> **INPUT DATA**
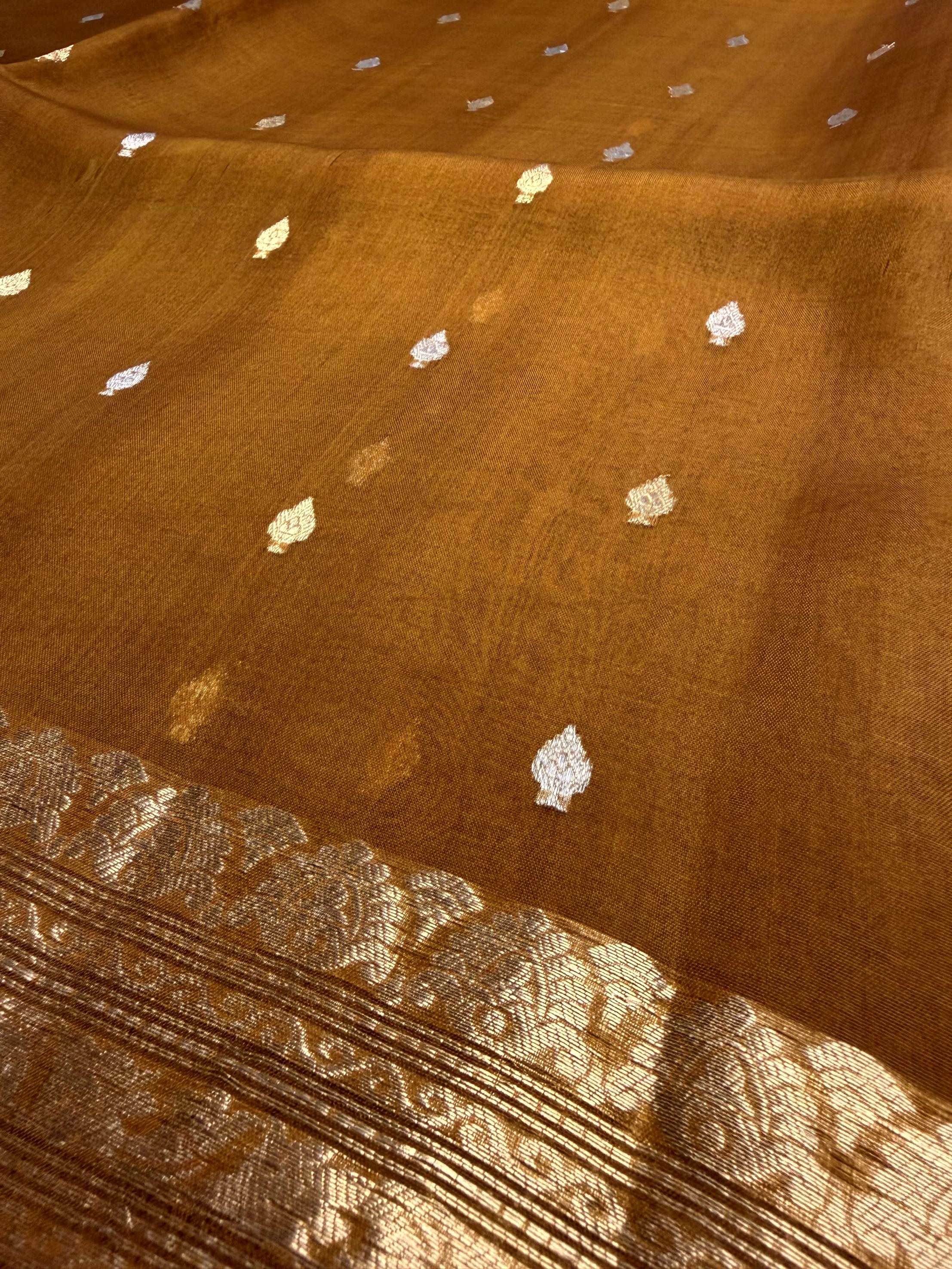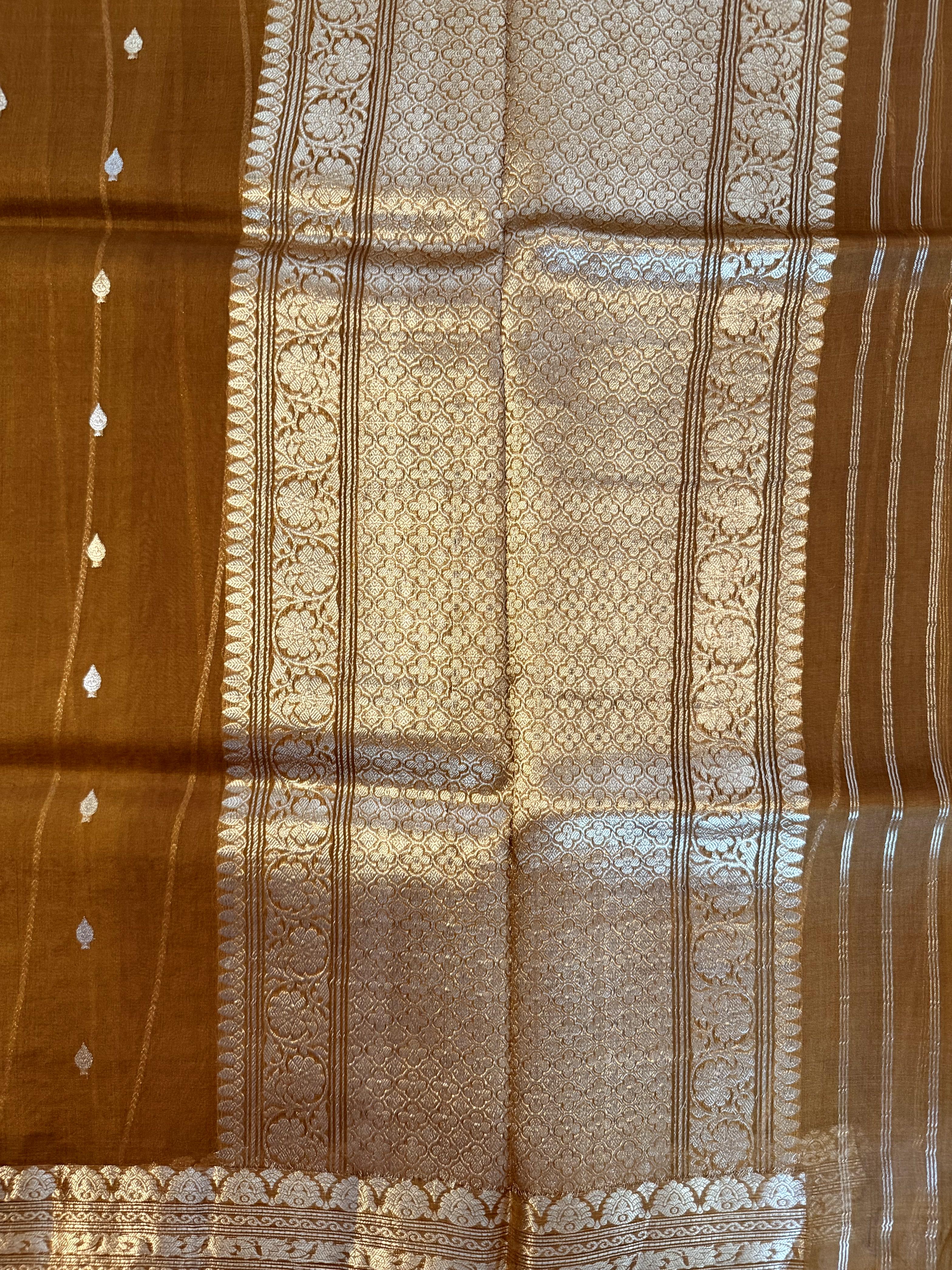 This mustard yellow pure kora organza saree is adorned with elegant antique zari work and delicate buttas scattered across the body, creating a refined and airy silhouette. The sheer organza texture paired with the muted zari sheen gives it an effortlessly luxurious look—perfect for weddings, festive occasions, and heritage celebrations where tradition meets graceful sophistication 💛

--

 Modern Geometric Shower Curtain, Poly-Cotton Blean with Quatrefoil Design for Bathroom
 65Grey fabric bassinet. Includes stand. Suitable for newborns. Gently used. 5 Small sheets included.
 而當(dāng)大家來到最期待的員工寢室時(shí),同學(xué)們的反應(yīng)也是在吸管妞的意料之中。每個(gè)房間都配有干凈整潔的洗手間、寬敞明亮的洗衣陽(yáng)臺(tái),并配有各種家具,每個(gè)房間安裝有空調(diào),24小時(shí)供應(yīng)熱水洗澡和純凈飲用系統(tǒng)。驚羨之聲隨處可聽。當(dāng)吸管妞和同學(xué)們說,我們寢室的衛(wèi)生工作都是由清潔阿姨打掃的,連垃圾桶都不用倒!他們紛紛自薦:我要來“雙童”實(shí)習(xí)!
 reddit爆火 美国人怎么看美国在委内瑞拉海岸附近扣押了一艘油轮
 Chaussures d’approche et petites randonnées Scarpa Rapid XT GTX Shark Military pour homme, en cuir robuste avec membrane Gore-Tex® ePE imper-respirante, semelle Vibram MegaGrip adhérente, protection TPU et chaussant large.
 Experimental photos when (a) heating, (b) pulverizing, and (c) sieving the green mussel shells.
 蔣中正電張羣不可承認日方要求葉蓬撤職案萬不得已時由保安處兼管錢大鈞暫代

> **TASK DESCRIPTION**
Precisely the lines between those holding "Experimental photos when" and "蔣中正電張羣不可承認日方要求葉蓬撤職案萬不得已時由保安處兼管錢大鈞暫代", inclusive, are to be reproduced from the listing above, with nothing added.

> **EXERCISE OUTPUT**
 Experimental photos when (a) heating, (b) pulverizing, and (c) sieving the green mussel shells.
 蔣中正電張羣不可承認日方要求葉蓬撤職案萬不得已時由保安處兼管錢大鈞暫代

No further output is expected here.